Effect of Dietary Supplementation of Ginger and Garlic Mixture on Performance of Ardi Goats under Stressful Conditions

Shaker. B. Al-Suwaiegh1,*
1Department of Animal and Fish Production, King Faisal University, P.O. Box 402, Al-Ahsa, 31982, Kingdom of Saudi Arabia.
Cite article:- Al-Suwaiegh B. Shaker. (2023). Effect of Dietary Supplementation of Ginger and Garlic Mixture on Performance of Ardi Goats under Stressful Conditions . Indian Journal of Animal Research. 57(7): 889-894. doi: 10.18805/IJAR.BF-1619.

ABSTRACT

Background: Among the different range animals, goats can adapt and survive greatly under harsh environmental conditions. The aim of this study was to investigate the effect of using a mixture of garlic and ginger as supplementation to improve the growth performance and nutrient digestibility of Ardi goats. 

Methods: A total of twenty Ardi goats (40.35±1.8 kg) were assigned randomly into four experimental groups. The first group received a basal diet (control), the second to fourth groups were dietary supplemented with a mixture of garlic and ginger at the different levels of 20, 40, and 60 g/animal/day, respectively for 12 weeks. 

Result: There were no significant differences in the final body weight and feed conversion ratio of goats fed different levels of dietary supplemented of ginger and garlic mixture. The TDMI and daily DMI significantly reduced in groups fed diets supplemented with 20 and 40 g/animal/day than the control group. The digestion coefficients of CP, fiber fraction digestibility, and TDN values decreased in different groups. In conclusion, the addition of ginger and garlic mixture at the studied levels did not significantly affect animal performance and had negative impacts on feed utilization and nutrient digestibility.

INTRODUCTION

Goats are preferred to be raised in desert environments, such as Saudi Arabia, because their nutritional needs are lower than those of cattle (Daramola et al., 2021; Al-Suwaiegh  et al., 2020). Goats have a higher capacity to convert low-quality feed into high-quality products with higher economic returns than other animal species (Daramola et al., 2021). Due to these benefits of raising goats in harsh environments, the rates of goat productivity are acceptable, and young breeders have a good opportunity to initiate a goat-raising project (Joy et al., 2020). Ardi goats are the most important local Saudi Arabian goat breed, characterized by their ability to live and survive in a very harsh environment (Al-Atiyat and Aljumaah, 2014). In order to adapt to unfavorable climatic conditions, optimal nutrition may be necessary to increase animal productivity, particularly in small ruminants with poor genetic potential that are common in dry and semi-arid regions (Joy et al., 2020).

The use of herbal plants has recently attracted the attention of many animal producers due to their low cost, low risk, less poisonous, residue-free, more palatable, and greater integrity, which may boost the animal’s productivity (Morshedy et al., 2021; El-Gindy  et al., 2021). Herbal plants such as ginger and garlic are widely used in animal nutrition and have been found to possess medicinal properties (Daharia et al., 2022). Ginger and garlic have known proven biological effects such as antioxidants properties, anti-bacterial action and anti-inflammatory effects (Panpatil et al., 2013).
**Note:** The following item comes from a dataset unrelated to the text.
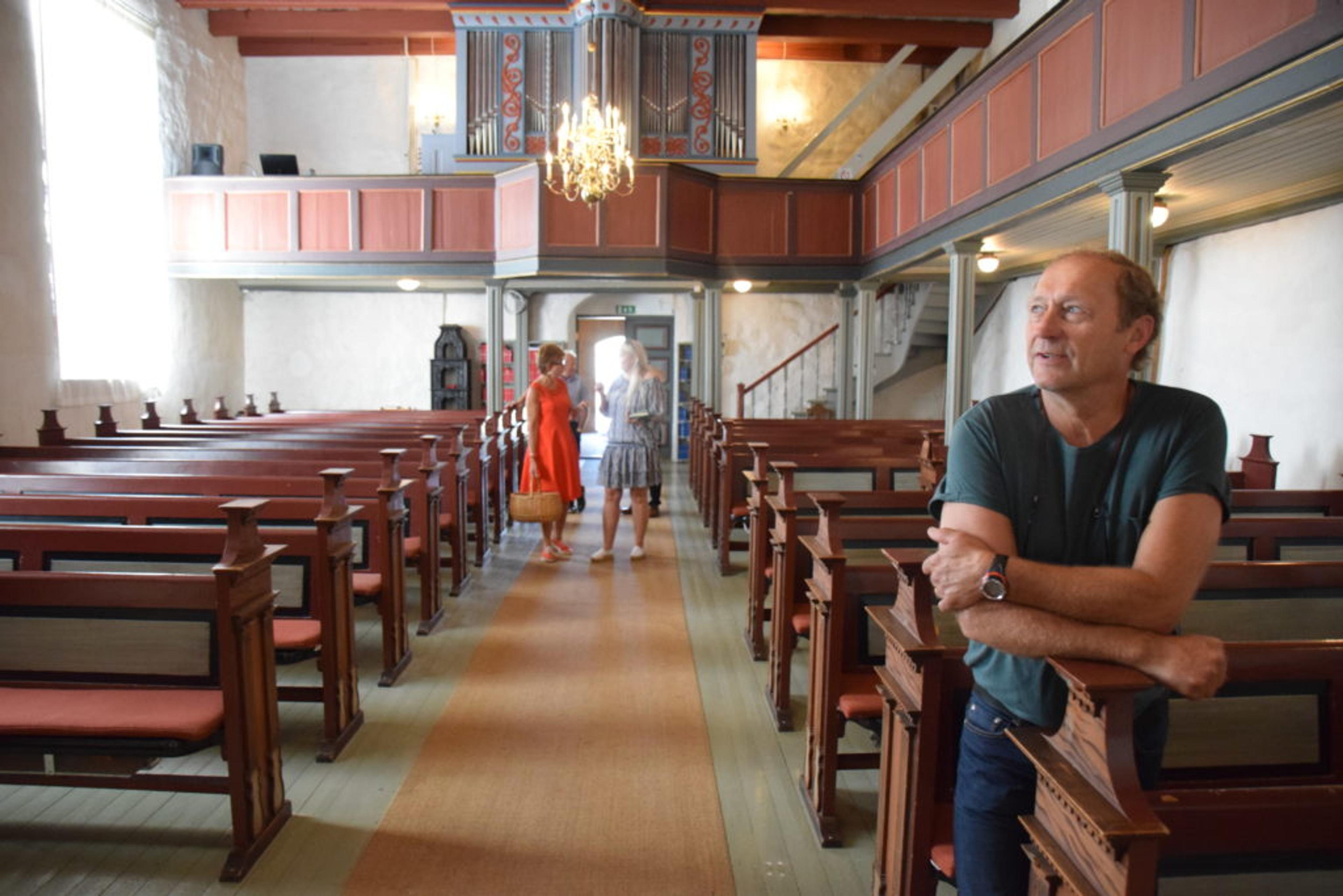 KLOKKEKLAR FRAMGANG: Steinar Solum (Sp) blir varaordfører i nye Tønsberg. Senterpartiet tok valgkampen til Ramnes kirke. Foto: Stian Ormestad.
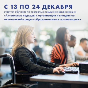 Стартует обучение для педагогических и управленческих кадров по программе повышения квалификации «Актуальные подходы к организации и внедрению инклюзивной среды в образовательных организациях»

Moreover, garlic and ginger, as natural growth promoters, can improve feed utilization, nutrient digestibility and body physiology, and thus reducing the high feeding cost (Pandey et al., 2019).

Zingiber officinale (ginger), a member of the Zingiberaceae family, is a rhizome plant that has been used as a spice in cooking throughout the world and as a therapeutic herb for a very long time (Daharia et al., 2022). Ginger is rich in gingerols, shogaols and paradols, which are the main active phytochemicals that have strong antioxidant and chemopreventive properties (Panpatil et al., 2013). Ginger essential oil contains several terpene components, such as β-bisabolene, a-curcumene, zingiberene, a-farnesene, and β-sesquiphellandrene (Elazab et al., 2022).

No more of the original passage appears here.